Manor in profile
Last Updated: 21/01/16 5:37pm
Manor begin a new era in 2016 with a new engine supplier and new front-line management.
The addition of Mercedes engines and a technical partnership with Williams presents the team, on paper, with the opportunity to finally move away from the back of the grid.
However, they will attempt to crack the midfield without the long-time guiding hands of John Booth and Graeme Lowdon after the popular pair resigned at the end of last season.
Certainly 2015 was all about securing the team's future, rather than on-track results, and giving them the chance to build again after they were rescued from oblivion on the eve of the season by Northern Irishman businessman Stephen Fitzpatrick, the founder of Ovo Energy.
Returning to the paddock for the season-opener in Australia, although they didn't appear on track until the following race in Malaysia, Manor were cut adrift all season, handicapped by running what was essentially their 2014 car and year-old Ferrari engines.
The team, then simply known as Marussia, had fallen into administration and missed the final three races of 2014 when previous owner Andrej Cheglakov pulled his funding after his country's inaugural Russian GP.
The news came just three weeks after the harrowing events of Suzuka when Jules Bianchi, their popular and hugely talented young French driver, suffered serious head injuries in an accident in the rain-affected race. Bianchi succumbed to his injuries in July 2015 aged 25, after spending eight months in a coma.
In his two seasons in F1, Bianchi had delivered the team's first - and, as of the start of 2016, so far only - F1 points after a four-year wait with a storming drive to ninth place at the 2014 Monaco GP.
The going had always been tough for the team from the moment they joined the grid alongside fellow newcomers Lotus Racing (later Caterham) and Hispania (later HRT) - both of who are now defunct - in 2010, having applied to join the sport under a budget cap proposal that never became reality.
The team had its roots in Booth's hugely successful Manor Motorsport junior teams. Established in 1990, a string of future F1 stars passed through the Manor ranks in F3, including future world champions Kimi Raikkonen and Lewis Hamilton.
Initially entering F1 with sponsorship from Richard Branson's Virgin brand, the team were launched in conjunction with former Benetton and Simtek technical chief Nick Wirth and famously pioneered an all-computational fluid dynamics (CFD) car design with the VR-01.
However, the new squad suffered huge embarrassment in their early races when it was discovered that the car's fuel tank was too small. Coupled with other reliability problems, the team didn't record a two-car finish until a new chassis was pressed into service at the start of the European season.
Wirth had continued to enthusiastically champion the CFD method despite a disappointing series of results into 2011, which only saw Virgin fall further away from Caterham (then Team Lotus) and the two parties eventually parted company. In response, former Renault engineering chief Pat Symonds came on board as a consultant and the team soon signed a technical deal with McLaren.

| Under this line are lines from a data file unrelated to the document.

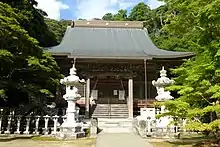 According to legend, Ryūfuku-ji was founded in the Heian period by the priest Kūkai. By tradition Kūkai carved the statue of Fudō-myōō located in the Hondō of the temple.[1] The Fudō-myōō has adherents among locals of the area and the fisherman of the Kujukuri Coast.[2] In the Sengoku period (1467 – 1573) the Shimada clan built Mibiro Castle to the south of the temple, but it and the temple were completely destroyed by fire as part of local conflicts during the period.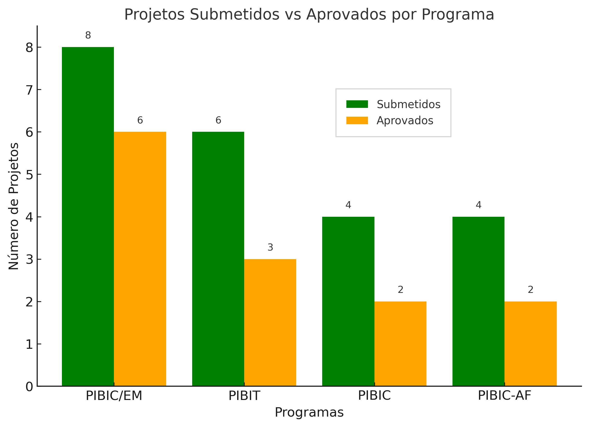 10 projetos foram aprovados, sendo que 6 deles foram contemplados com bolsas no valor de R$ 700,00 por 20 horas semanais de dedicação ao projeto, e 4 iniciações são desenvolvidas de forma voluntária.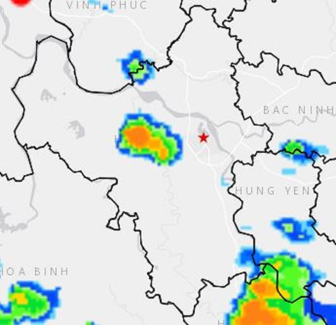 Theo Trung tâm dự báo khí tượng thủy văn quốc gia, qua theo dõi trên ảnh vệ tinh và ảnh ra đa thời tiết cho thấy vùng mây đối lưu đang phát triển trên khu vực Thạch Thất, Phúc Thọ, Quốc Oai, Hoài Đức.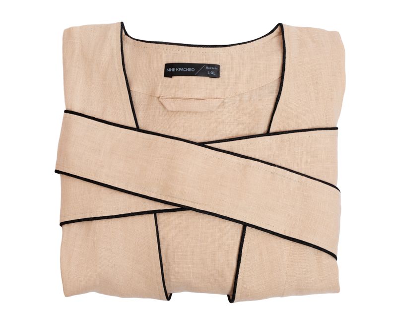 Халат выполнен из льна высокого качества без добавления синтетических материалов, он имеет широкие рукава-кимоно и элегантный пояс. Фасон халата универсален, он выполнен с учетом всех типов фигур и особенностей.
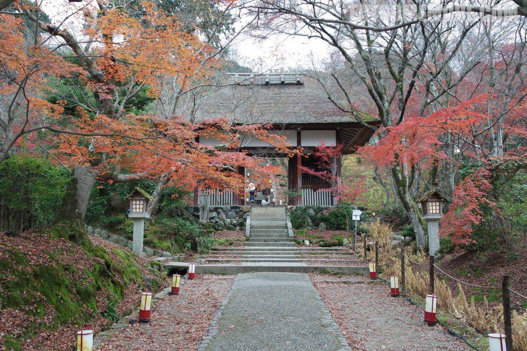走过竹林来到红叶掩映下的常寂光寺。绵延的阶梯穿过山门,一路向上。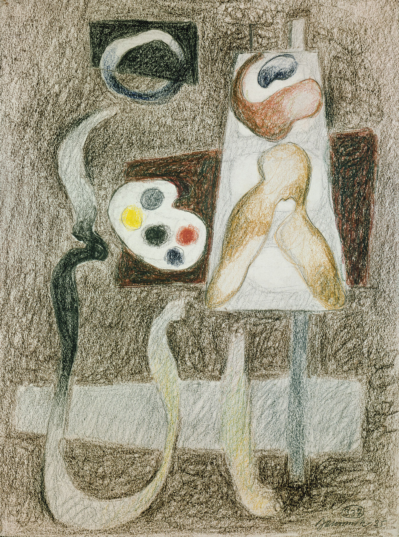 Bleistift und Ölkreide in Schwarz, Grau, Dunkelbraun, Rot, Gelb, Orange, Ocker, Grün, Blau, Konturen mit hartem Bleistift z. T. blind vorgeritzt (mit Abweichungen), auf chamoisfarbigem, am Rand l. perforiertem Zeichenkarton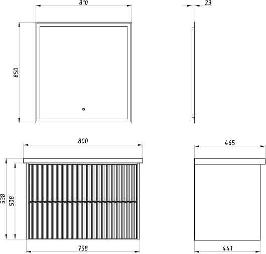 Комплектация: тумба под раковину, раковина, зеркало, столешница.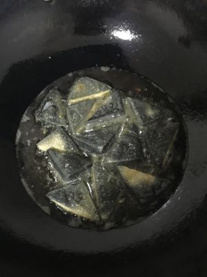 倒半锅油,油温至六七成热,下入臭豆腐块,中火炸至两面金黄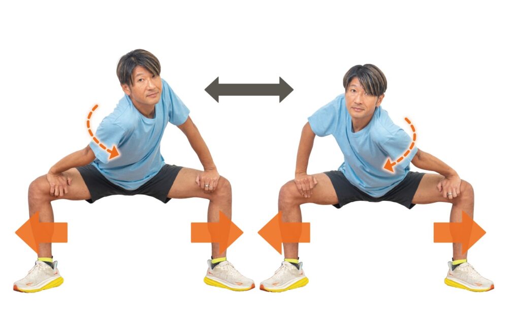 内ももと背中の伸びを意識しながら、左右5秒×5往復を行う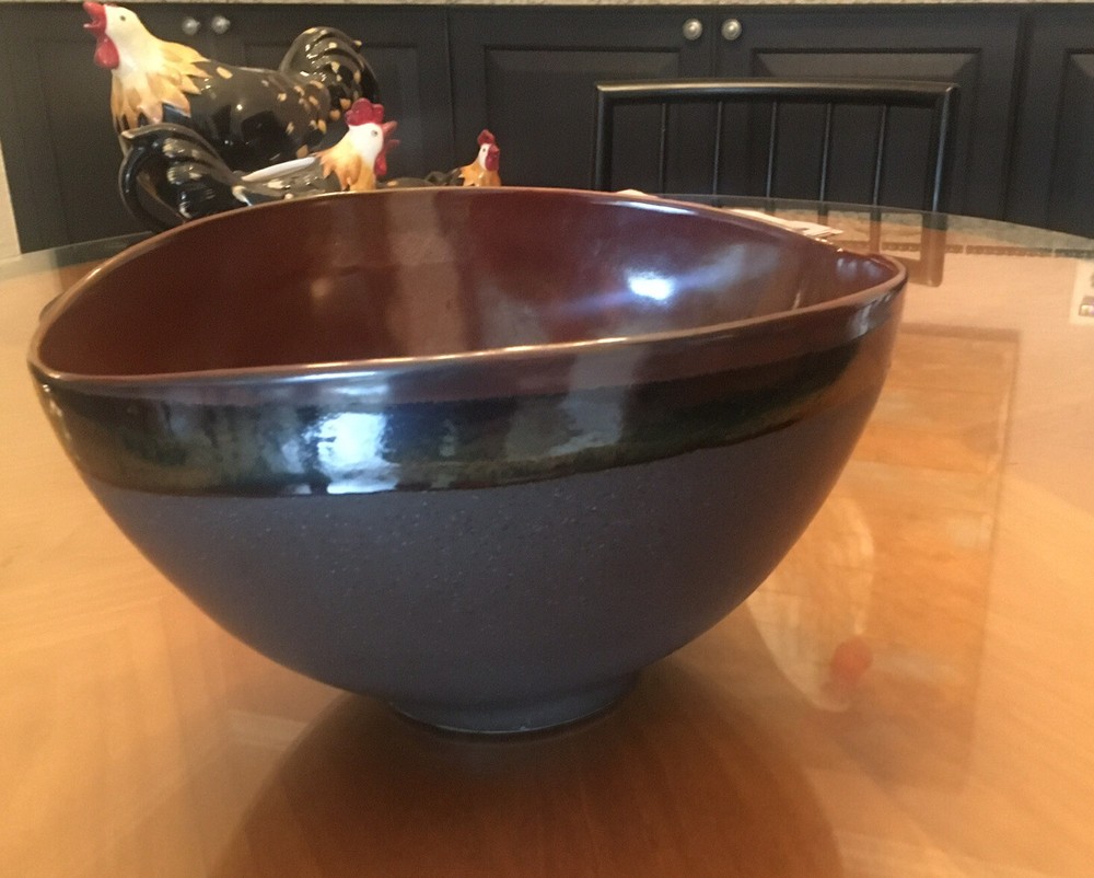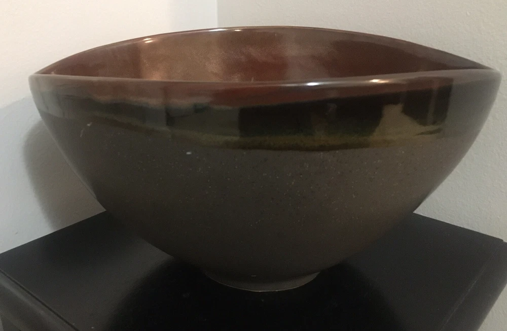 Large Football Shaped Brown Drip Glaze Bowl with Speckles. Condition is Used. No chips, cracks or crazing. Shipped with USPS Priority Mail.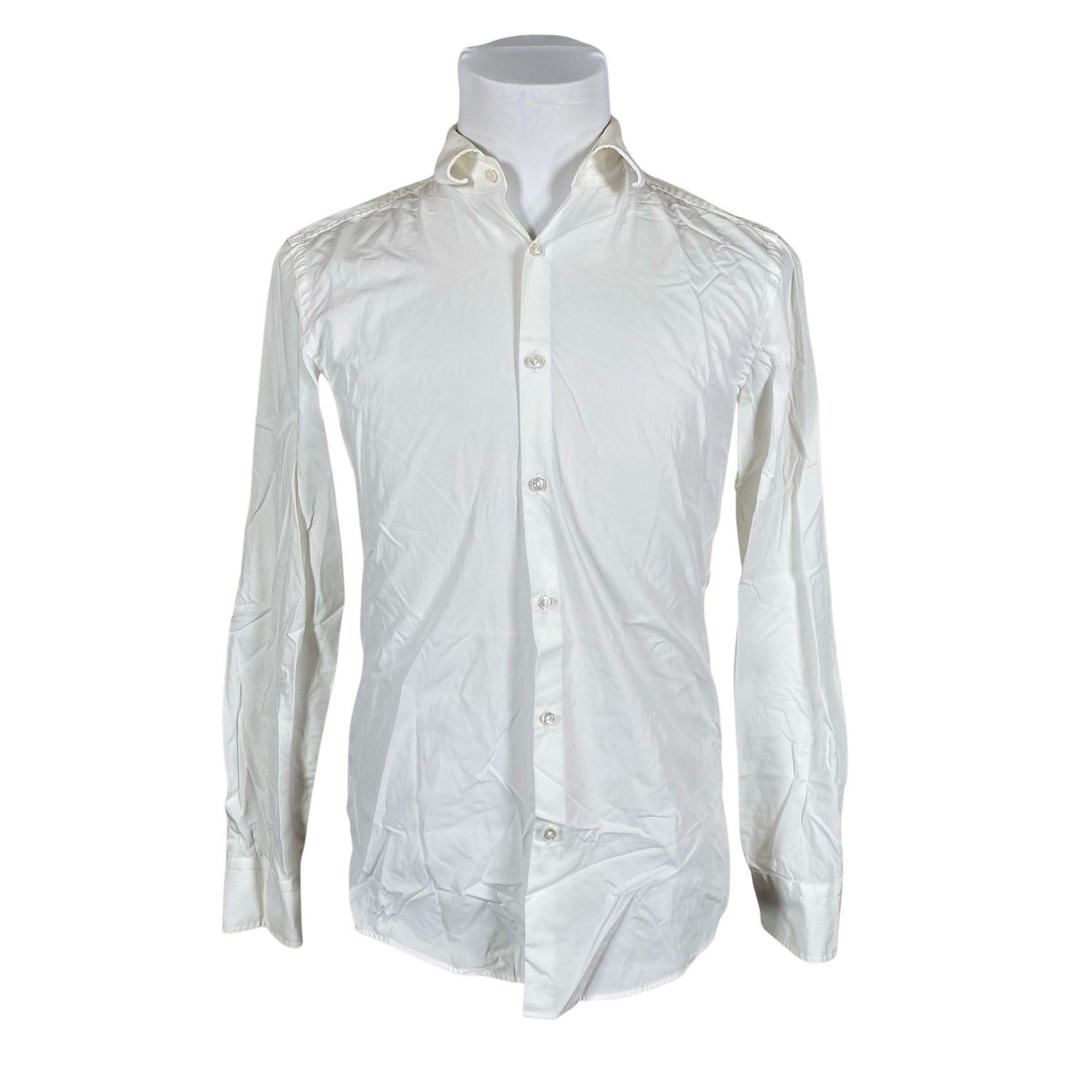 Malli: slim fit. Kauluksen sisäpuolella on aavistus tummentumaa. Tuotteen pinnassa on hieman pesu-/käyttökulumaa. Yleisilme on siisti.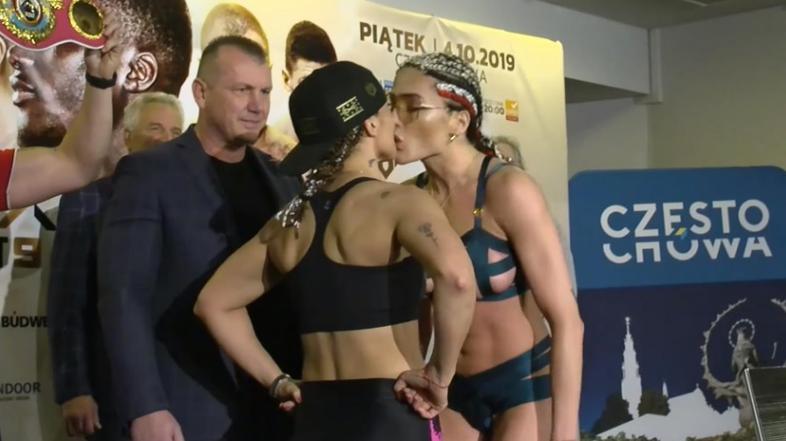 Poljakinja Ewa Brodnicka, aktualna svetovna prvakinja v super peresno lahki kategoriji po verziji WBO, je na uradnem tehtanju v mestu Częstochowa s poljubom šokirala izzivalko Edith Soledad Matthysse.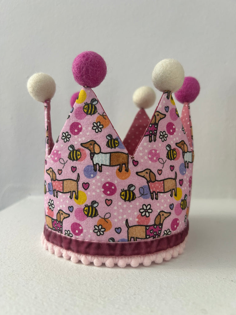 Hand made Birthday Crown. Sewn with my beautiful bee happy dachshunds pink design printed onto organic cotton and lined with OEKO-TEX®️ STANDARD 100 pink polka dot cotton. This has a baby pink pompom edge and a pink velvet ribbon trim. This hat also has 100% merino wool pompoms sewn onto the points of the crown.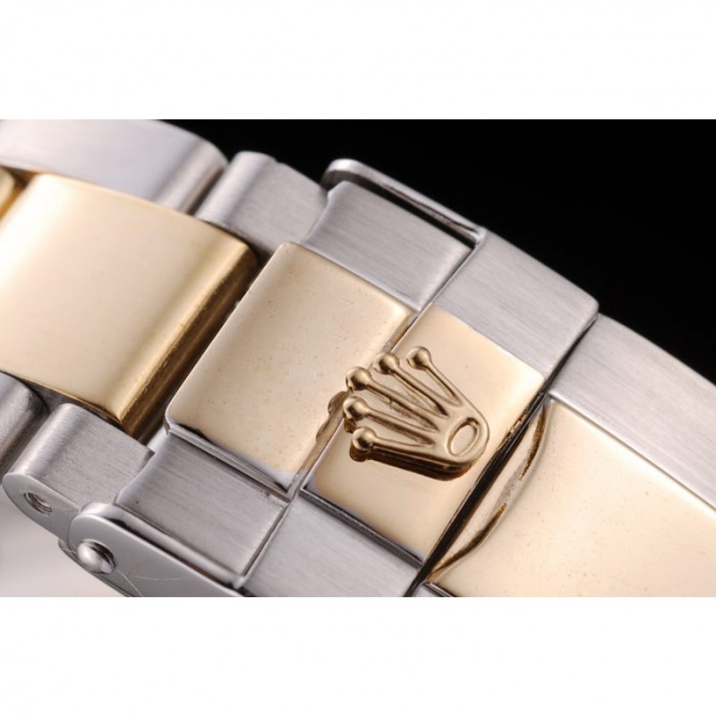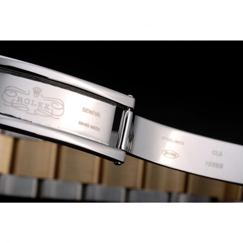 Bracelet:plaqué or jaune et brossé bracelet à maillons en acier inoxydable avec boucle déployante gravé avec le logo Rolex sur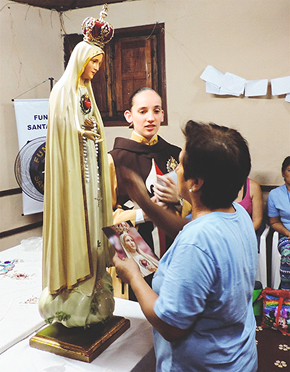 Percorrendo de norte a sul o nosso vasto Brasil, vinte duplas missionárias do setor feminino visitam diariamente cerca de cento e cinquenta residências, levando consigo um oratório de Nossa Senhora de Fátima.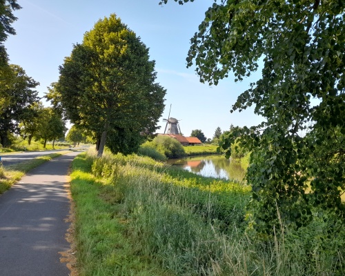 So kann man einen Blick auf Schloss Bothmer und die Bothmer Mühle werfen. In Grethem bogen wir nach rechts ab, um zunächst zur Allerfähre Eickeloh zu fahren. Diese Fähre wird von einem Verein betrieben und ist leider nur an wenigen Sonn- und Feiertagen in Betrieb.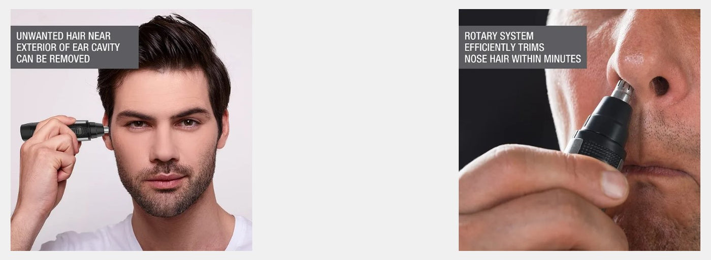 - Precision rotary head for nose & ear hair trimming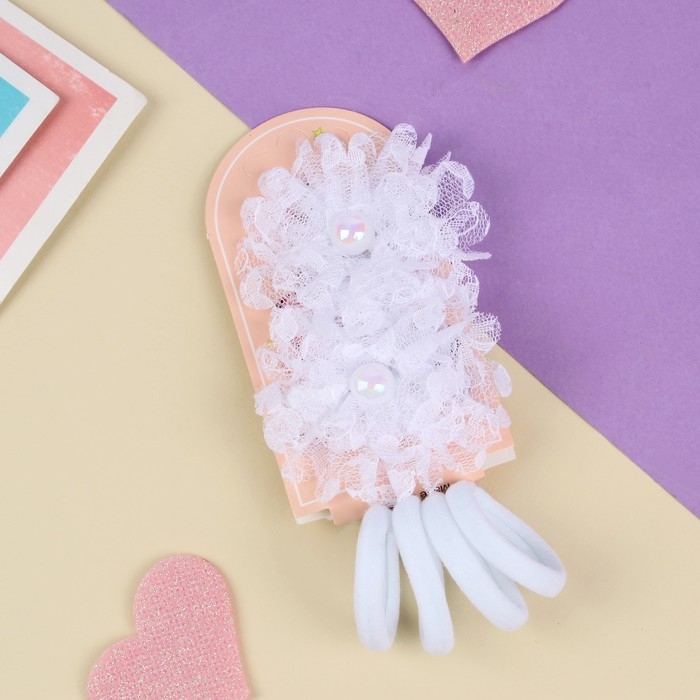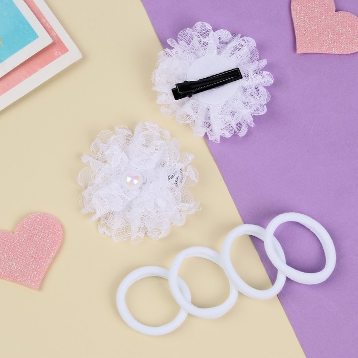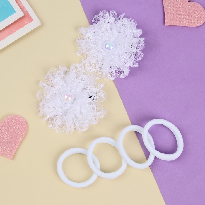 Набор для волос "Милашка" (2 зажима, 4 резинки) кружева, белый

Virgin's reliability record greatly improved in 2011, but on-track performances failed to do so, and there appeared little to smile about at the start of 2013 either as the now Marussia-branded team missed all of the official winter tests following a failed crash test with the new MR-01.
However, things did steadily get better thereafter and they were only denied the lucrative 10th place in the championship for the first time in the closing stages of the Brazilian GP finale.
2013 then did finally deliver 10th place in the standings at Caterham's expense - which then became ninth in 2014 ahead of Sauber too, despite not completing the season, thanks to Bianchi's two points in Monaco.
It has been far from easy in the couple of years since then, but Manor always keep fighting and now equipped with the best engine in the field could spring and surprise or two in 2016.